Soroka notes that many recently completed developments have not met their expected occupancy targets, and loan extensions are nearing their limits. “You just want to see where lease-up is going on these new constructions, because eventually the shoe will drop,” he says.
The problem is especially severe for projects with high construction costs. Soroka notes that his firm has seen several developments costing $300,000 to $400,000 per unit fail to attract enough tenants, while operating expenses have exceeded projections. As a result, these properties need higher rents to cover their debt service, but raising rents is difficult in a market already oversupplied with new units.
This creates a cycle in which high debt and insufficient occupancy make it nearly impossible to meet the required debt service coverage. Operators are pressured to increase rents, but doing so risks driving away potential tenants. In markets where supply has outpaced demand, struggling properties are often forced to consider asset sales rather than continuing to extend debt and hope for better lease-up performance. “Someone’s going to have to take a haircut,” Soroka says, referring to the likelihood of losses for owners or lenders.
These lease-up problems are coming to a head as bridge loans mature. Many recent projects were financed with short-term loans that assumed quick lease-up and stabilization. Now, as those loans come due, owners must refinance at a time when lenders are tightening underwriting standards and reducing loan proceeds.
Soroka explains that if a loan has matured and lease-up remains weak, the property may be underwater, making refinancing difficult or impossible. This is creating a clear divide in the market: stabilized assets with strong occupancy and operating history can still access capital, while new construction stuck in lease-up struggles to secure refinancing.

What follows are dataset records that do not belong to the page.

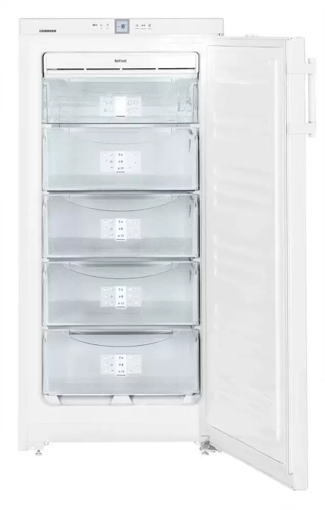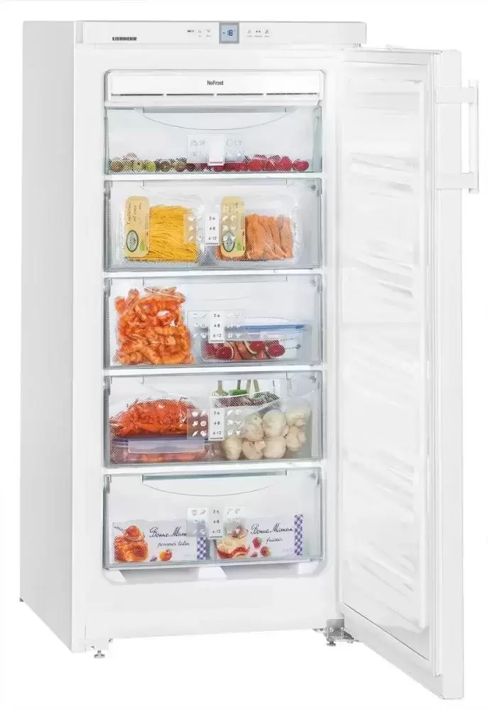 Отдельно стоящий морозильник высотой 125 см и объемом 187 литров изготовлен в дизайне Swing. Корпус целиком выполнен из нержавеющей стали, ручка оснащена встроенным толкателем. Прибор может устанавливаться вплотную к стене или в готовую нишу. Система размораживания NoFrost исключает образование льда и инея на стенках камеры, так что для очистки поверхность достаточно просто протереть. Производительность замораживания достигает 15 кг продуктов в сутки, при отключении электропитания поддерживается сохранение продуктов в замороженном виде в течение 14 часов благодаря двум аккумуляторам холода. Автоматический режим суперзамораживания SuperFrost с отключением через 65 часов быстро понижает температуру, если предстоит загрузка большого количества свежих продуктов одновременно. Продукты замораживаются с полным сохранением полезных веществ и витаминов, при этом ранее заложенные на хранение продукты не размораживаются. Прибор оснащен пятью закрытыми контейнерами с прозрачной передней частью, которая обеспечивает обзор содержимого. Система Vario позволяет извлекать контейнеры и полки, если требуется больше места для размещения продуктов.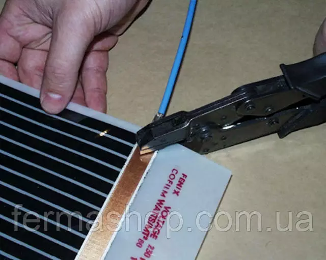 Передбачає собою обжимну контактну кліпсу зі спеціальними зубцями, які, розриваючи зовнішнє поліетиленове підстава нагрівача, забезпечують надійний і повноцінний контакт токопроводящей медної смуги нагрівальної плівки.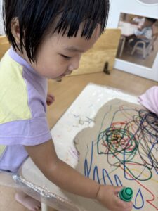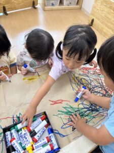 サインペンを使う練習で、大きな画用紙でくるくると描いていましたよ🖋⭐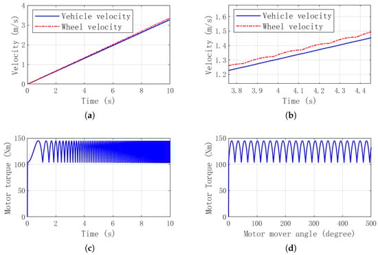 (a) Velocity of vehicle and wheel. (b) Zoom view of (a). (c) Torque vs. time. (d) torque vs. motor angle.

Both debt and equity investors are feeling the impact. Lenders face heightened refinancing risk on loans backed by underperforming assets, while equity investors may face negative returns or capital calls if operations deteriorate further. This pressure is prompting more owners to consider selling assets at a loss or pursuing strategic repositioning.
At the root of the crisis is a mismatch between the high costs of construction, rising operating expenses, and the rents achievable in today’s market. Many projects were underwritten when interest rates and material costs were lower, and demand projections were more optimistic. Now, those assumptions no longer hold.
The issue is not confined to specific regions. Soroka points out that while states like Florida and Arizona have traditionally attracted senior housing development, supply has often kept pace with or exceeded demand, limiting rent growth. In some cases, projects in less competitive, lower-cost markets may fare better than those in oversupplied “hot spots.” As Soroka puts it, “The economics may work better if you’re in the middle of Minnesota versus Miami, Florida,” due to less competition and more stable demand.
Eastern Union, which arranges nearly a billion dollars in healthcare real estate financing annually, is working with clients to determine whether to hold and extend debt or sell assets and accept losses. The firm is providing acquisition due diligence and underwriting services to help clients navigate these decisions.
These challenges in new construction are already influencing the outlook for future senior housing development. If lenders and equity investors absorb significant losses on recent projects, they are likely to tighten underwriting standards for new construction, slowing the pipeline of future development.
Soroka says his firm is monitoring lease-up trends as a key factor in their 2026 market outlook. The uncertainty now is whether losses will be recognized gradually through loan extensions and modified terms, or whether a wave of distressed sales will force a more immediate reckoning with construction cost overruns and demand miscalculations.
What is clear, Soroka emphasizes, is that the current approach of extending loans and hoping for improvement cannot last indefinitely. Someone will have to absorb the losses—the only question is who, and when. This reality is already reshaping investment decisions and could have lasting effects on senior housing development in the years ahead.